WHAT YOU WILL DO | Would you transcribe the entries below, beginning at the line with "監控影片顯示,這名冒充「省公" and ending after the line with "通达信大牛异动指标,本指标为", exactly, with no picture and nothing more?

DATA |
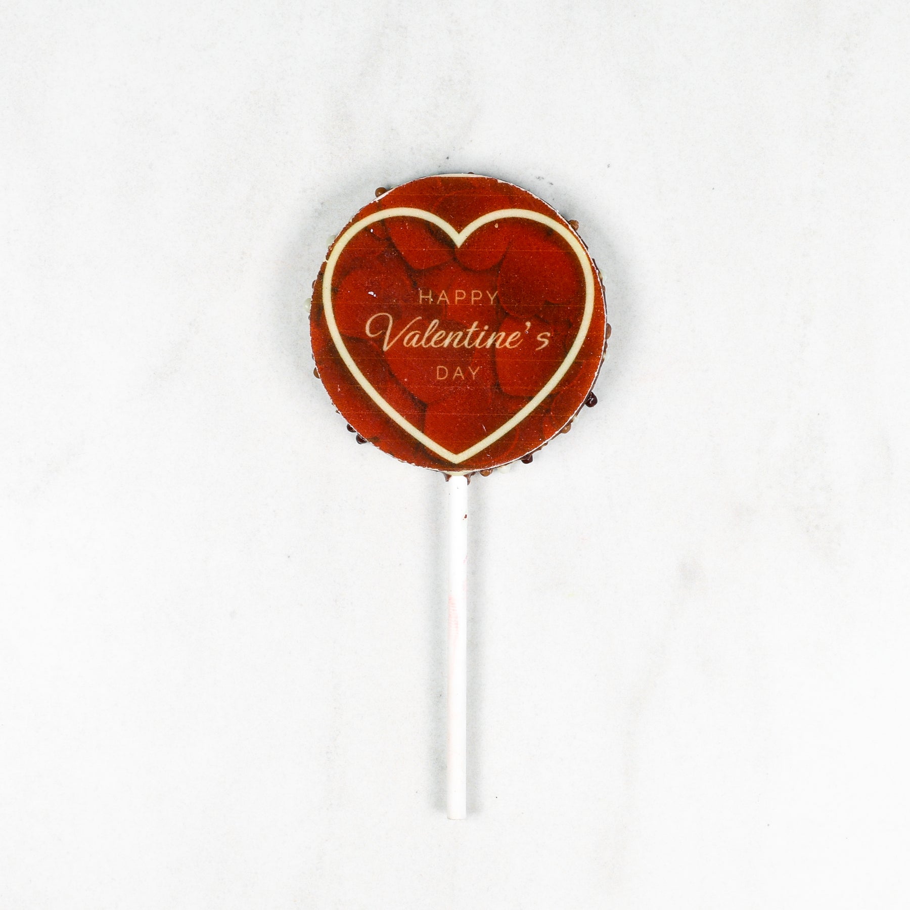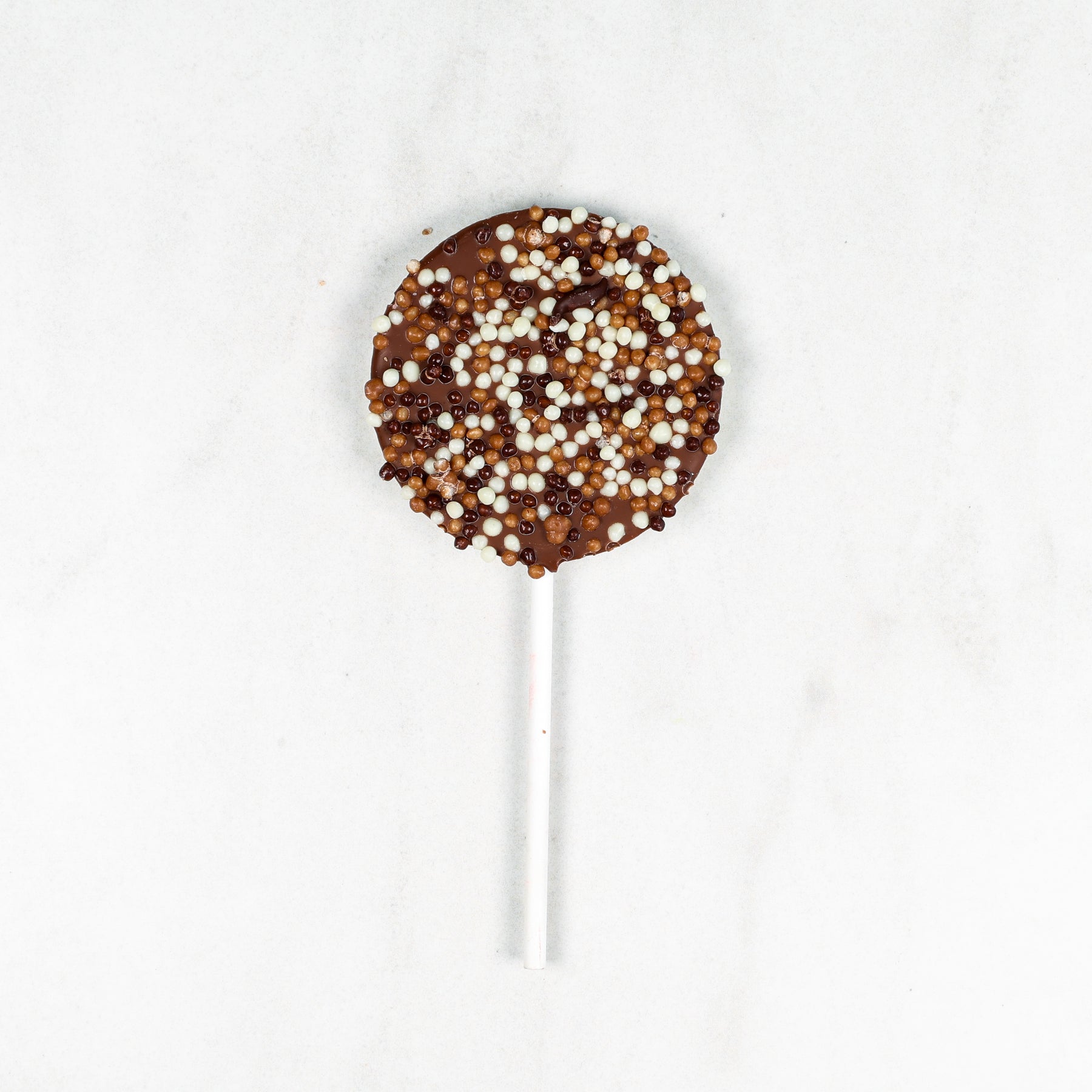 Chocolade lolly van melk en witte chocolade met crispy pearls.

...

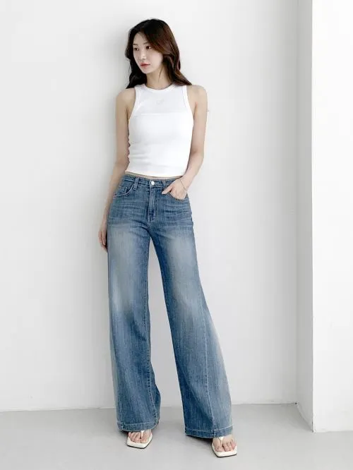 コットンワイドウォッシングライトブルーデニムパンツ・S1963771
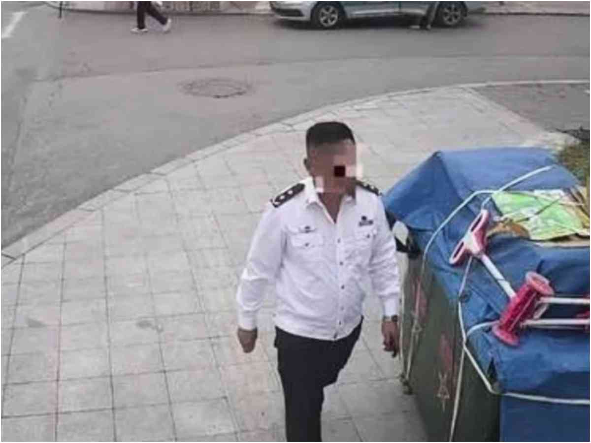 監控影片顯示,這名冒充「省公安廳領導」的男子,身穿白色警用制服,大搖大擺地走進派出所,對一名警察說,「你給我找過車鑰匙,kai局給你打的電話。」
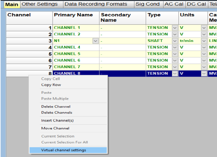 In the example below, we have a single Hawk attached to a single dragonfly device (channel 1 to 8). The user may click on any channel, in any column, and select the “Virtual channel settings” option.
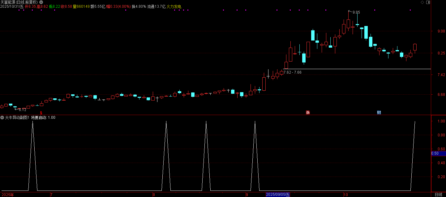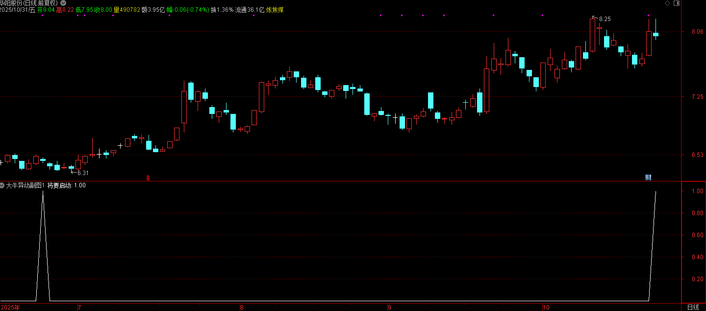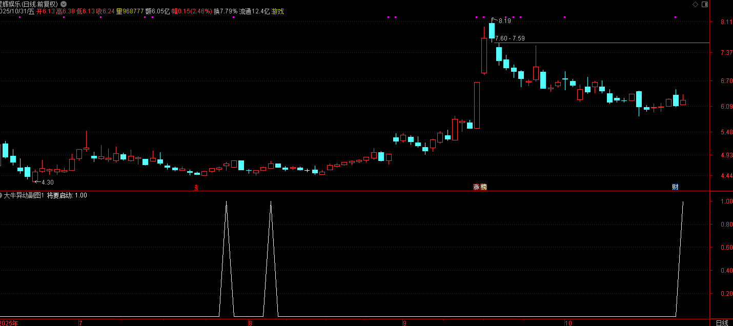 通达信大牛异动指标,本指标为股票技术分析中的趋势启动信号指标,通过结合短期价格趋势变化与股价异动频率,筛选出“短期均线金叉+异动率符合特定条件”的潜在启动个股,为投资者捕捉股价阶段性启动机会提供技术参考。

* * *

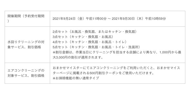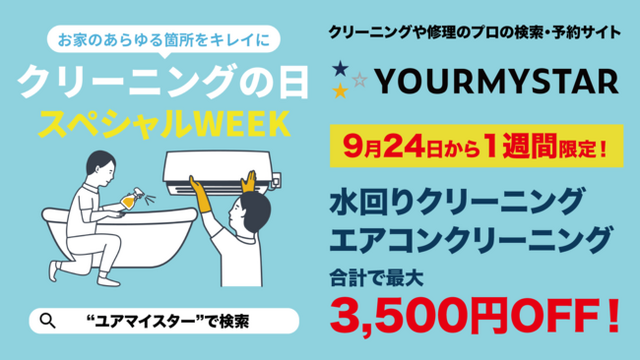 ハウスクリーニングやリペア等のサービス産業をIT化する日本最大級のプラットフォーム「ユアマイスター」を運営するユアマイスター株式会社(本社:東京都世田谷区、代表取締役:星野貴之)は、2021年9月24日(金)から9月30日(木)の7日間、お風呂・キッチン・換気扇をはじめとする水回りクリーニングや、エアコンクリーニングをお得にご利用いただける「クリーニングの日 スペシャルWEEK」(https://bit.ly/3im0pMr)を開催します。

ANSWER SPACE |
 監控影片顯示,這名冒充「省公安廳領導」的男子,身穿白色警用制服,大搖大擺地走進派出所,對一名警察說,「你給我找過車鑰匙,kai局給你打的電話。」
 In the example below, we have a single Hawk attached to a single dragonfly device (channel 1 to 8). The user may click on any channel, in any column, and select the “Virtual channel settings” option.
 通达信大牛异动指标,本指标为股票技术分析中的趋势启动信号指标,通过结合短期价格趋势变化与股价异动频率,筛选出“短期均线金叉+异动率符合特定条件”的潜在启动个股,为投资者捕捉股价阶段性启动机会提供技术参考。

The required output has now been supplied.